▶ _REQUIRED ACTION_
Nothing but the lines below from the one with "打开文件,点击右上角的工具栏" through the one with "One 2010 PCGS" should be output, each exactly as given, and no pictures.

GIVEN DATA below:

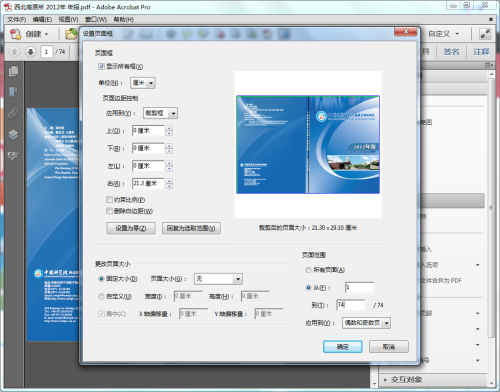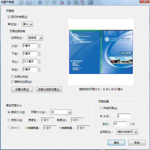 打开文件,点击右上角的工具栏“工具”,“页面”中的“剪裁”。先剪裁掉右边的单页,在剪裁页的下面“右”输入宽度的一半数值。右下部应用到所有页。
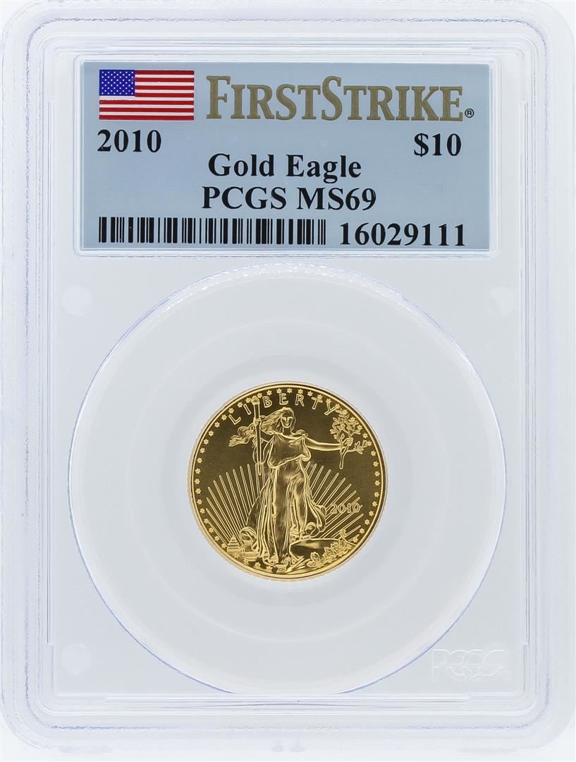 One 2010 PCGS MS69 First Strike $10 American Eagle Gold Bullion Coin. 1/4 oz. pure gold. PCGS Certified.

End of GIVEN DATA.
GIVEN DATA below:

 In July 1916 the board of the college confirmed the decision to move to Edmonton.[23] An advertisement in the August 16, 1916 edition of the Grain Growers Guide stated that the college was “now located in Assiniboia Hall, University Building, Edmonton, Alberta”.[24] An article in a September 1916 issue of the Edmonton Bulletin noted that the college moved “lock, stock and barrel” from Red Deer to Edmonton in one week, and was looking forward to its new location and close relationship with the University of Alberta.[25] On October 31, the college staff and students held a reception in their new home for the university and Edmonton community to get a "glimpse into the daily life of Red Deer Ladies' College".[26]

End of GIVEN DATA.
GIVEN DATA below:

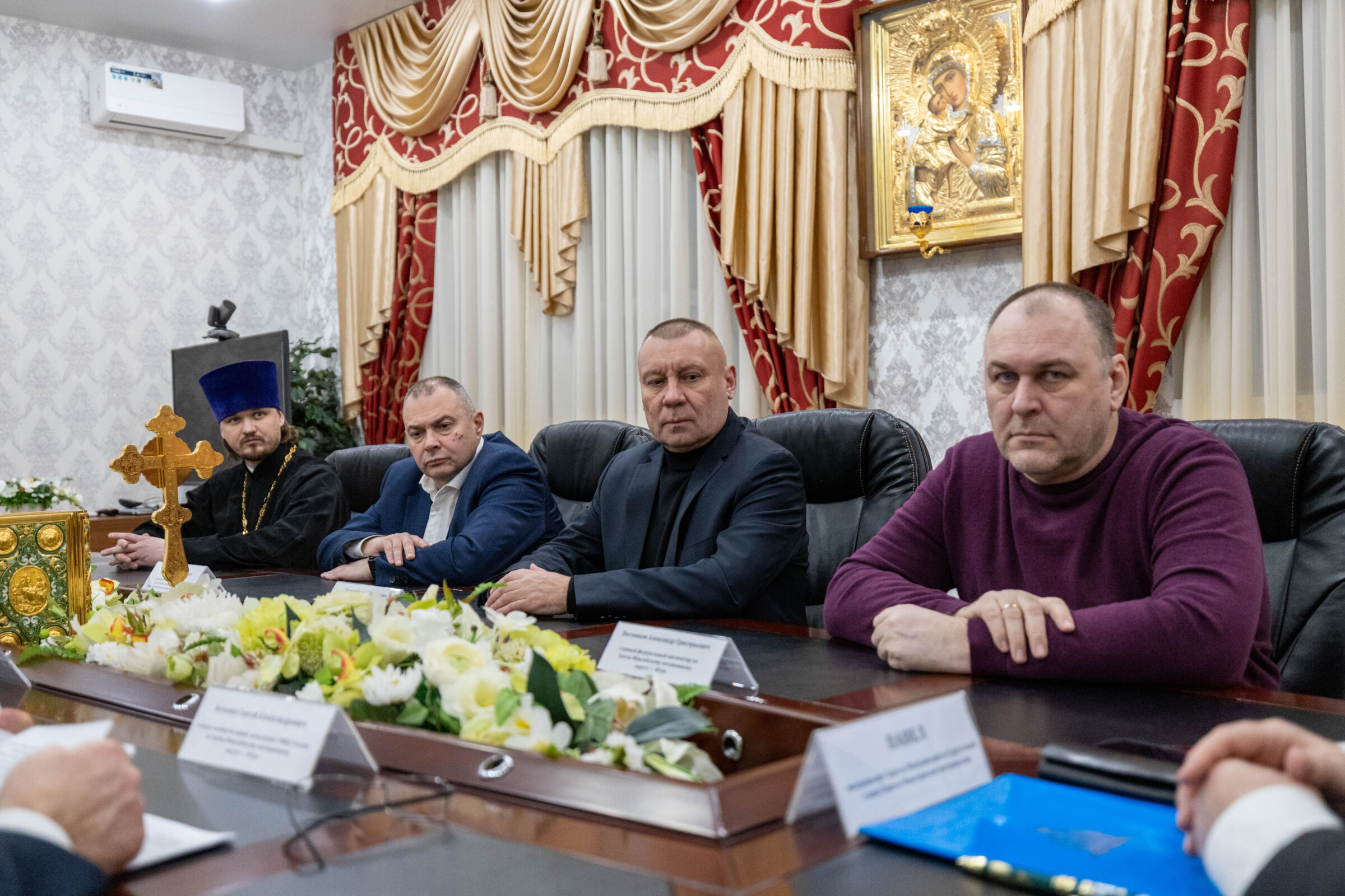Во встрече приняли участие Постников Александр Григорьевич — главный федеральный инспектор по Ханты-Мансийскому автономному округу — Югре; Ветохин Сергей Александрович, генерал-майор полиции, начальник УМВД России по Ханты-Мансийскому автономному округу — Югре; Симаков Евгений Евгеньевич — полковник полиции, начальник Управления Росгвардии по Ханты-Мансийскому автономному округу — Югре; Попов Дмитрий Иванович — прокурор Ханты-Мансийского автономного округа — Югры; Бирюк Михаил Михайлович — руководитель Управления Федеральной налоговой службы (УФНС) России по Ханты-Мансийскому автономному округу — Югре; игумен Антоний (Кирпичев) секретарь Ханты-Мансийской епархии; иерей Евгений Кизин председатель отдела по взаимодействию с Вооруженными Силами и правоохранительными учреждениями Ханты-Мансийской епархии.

End of GIVEN DATA.

▶ _ANSWER BOX_
 打开文件,点击右上角的工具栏“工具”,“页面”中的“剪裁”。先剪裁掉右边的单页,在剪裁页的下面“右”输入宽度的一半数值。右下部应用到所有页。
 One 2010 PCGS MS69 First Strike $10 American Eagle Gold Bullion Coin. 1/4 oz. pure gold. PCGS Certified.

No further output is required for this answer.